# Work to complete
Make an exact copy of the lines from the one containing "Każda z 20-tu" through the end of the records below, and leave out every picture.

[Stored data]
[Start of Attachment]

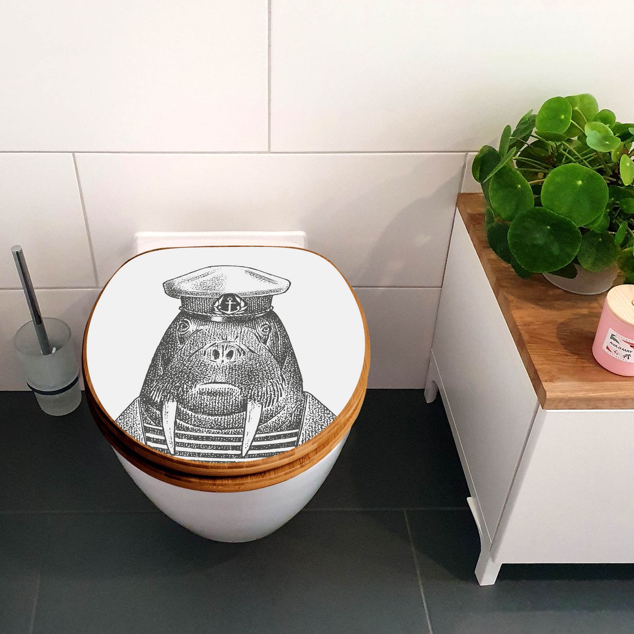Design WC-Sitz Bambus Absenkautomatik Motiv Herr Walross 2
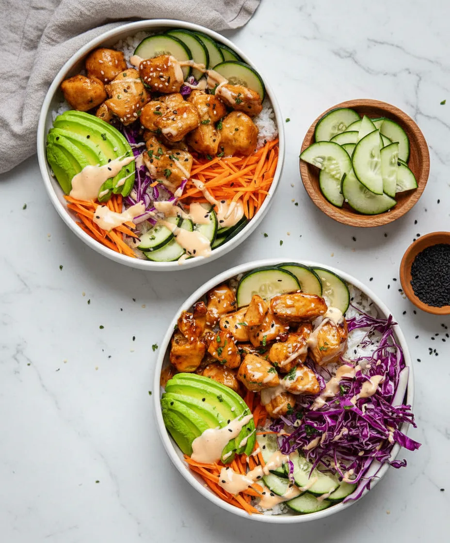 Get ready to experience bold flavors with this Bang Bang Chicken Bowl recipe that combines tender chicken, crunchy veggies, and a creamy sweet-spicy sauce.
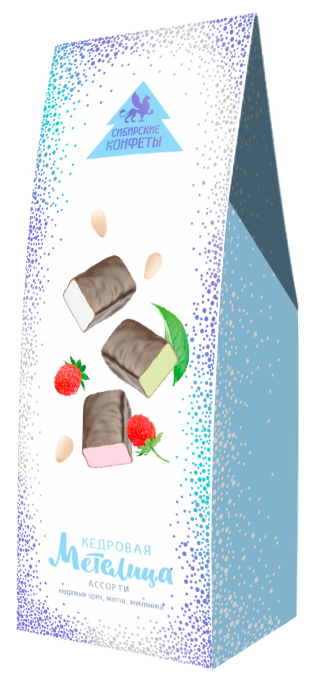 Кедровая метелица - это нежное молочное пралине с добавлением кедрового ореха, лесной земляники и японского чая матча, покрытое шоколадной глазурью.
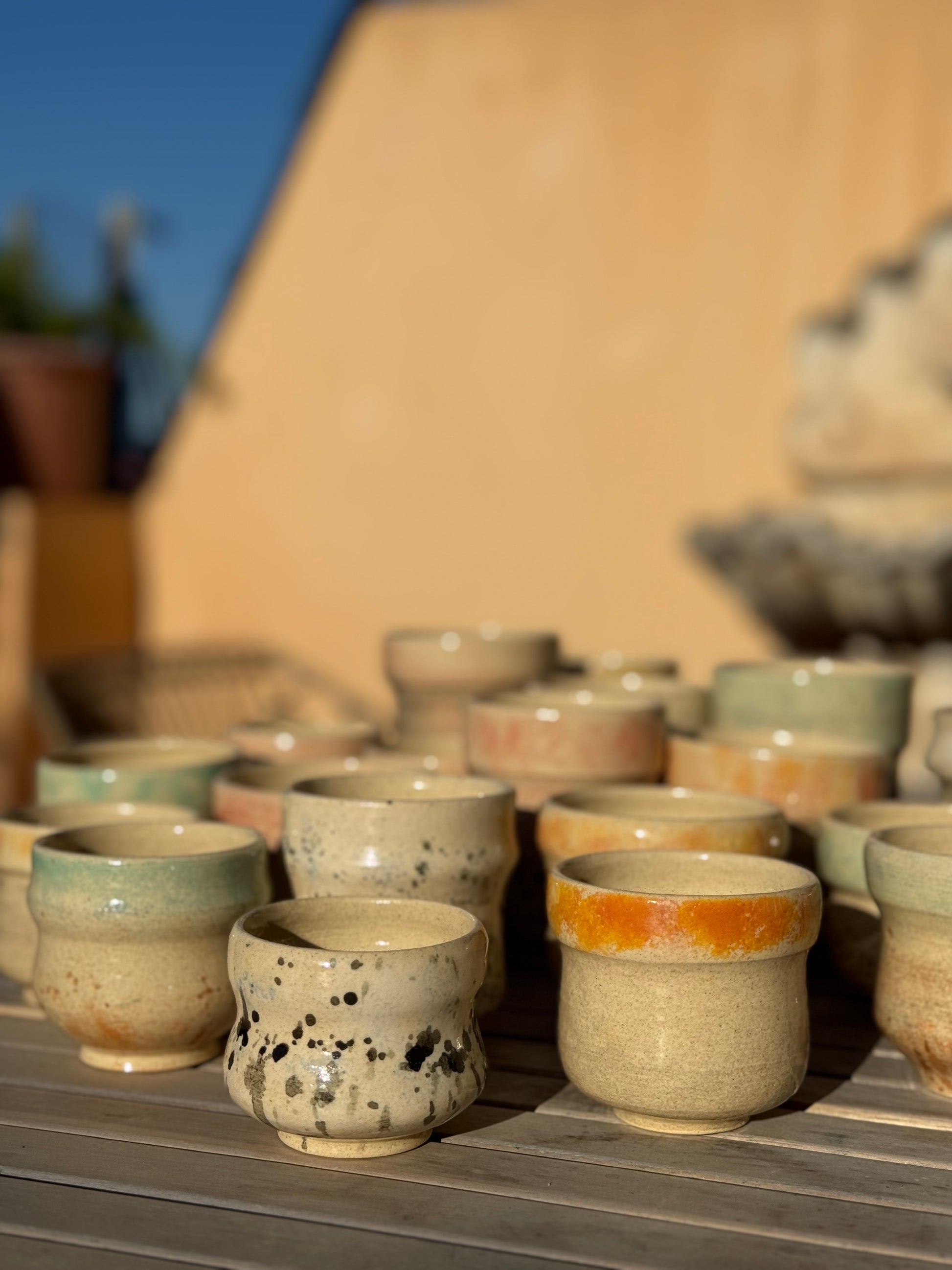Każda z 20-tu unikatowych czarek została wytoczona na kole garncarskim, ręcznie pomalowana metodą podszkliwną i wypalona na kamionkę w temperaturze powyżej 1250℃.
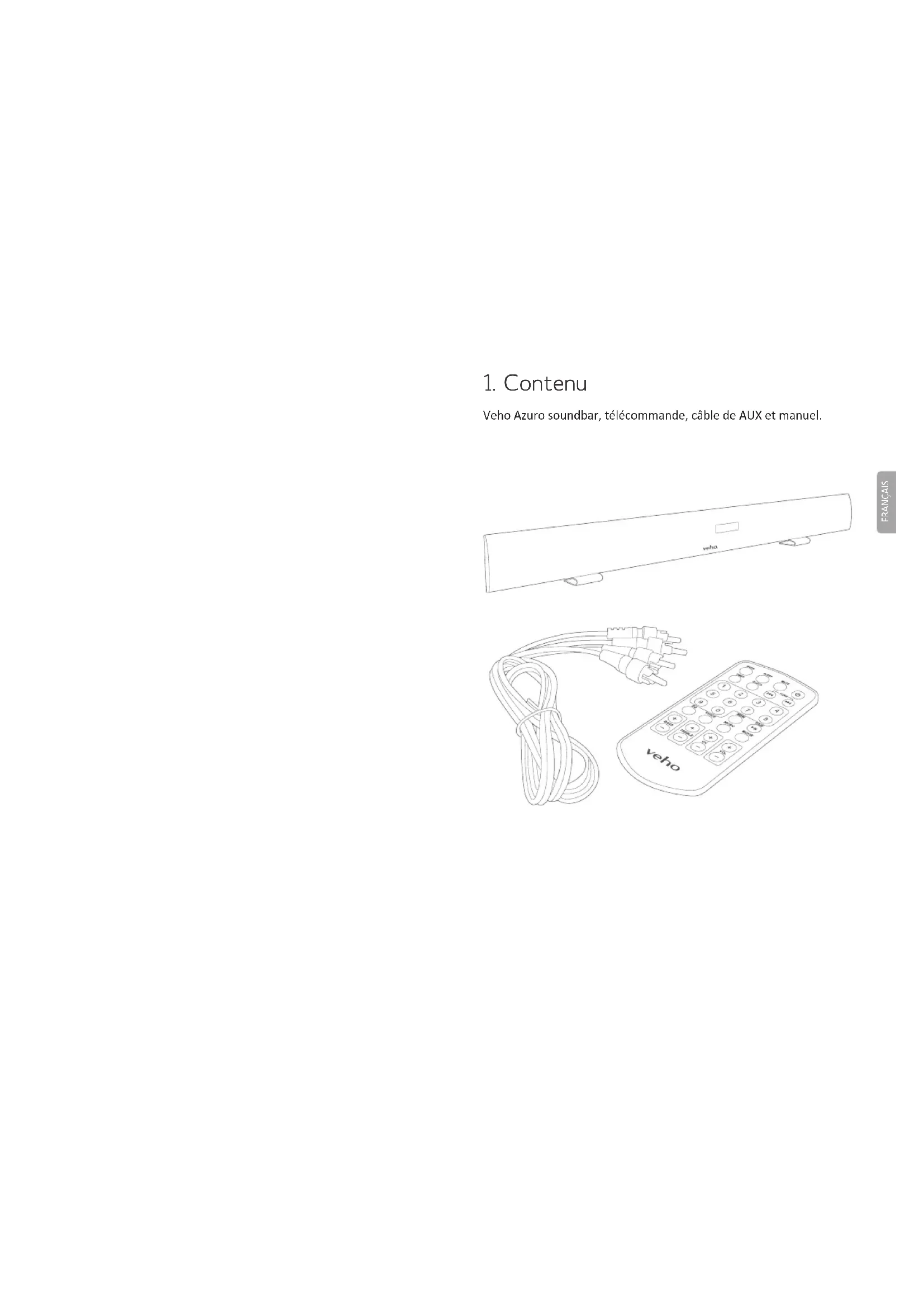 Veho Azuro soundbar, télécommande, câble de AUX et manuel.FRANÇAIS

[End of Attachment]

# Response area
Każda z 20-tu unikatowych czarek została wytoczona na kole garncarskim, ręcznie pomalowana metodą podszkliwną i wypalona na kamionkę w temperaturze powyżej 1250℃.
 Veho Azuro soundbar, télécommande, câble de AUX et manuel.FRANÇAIS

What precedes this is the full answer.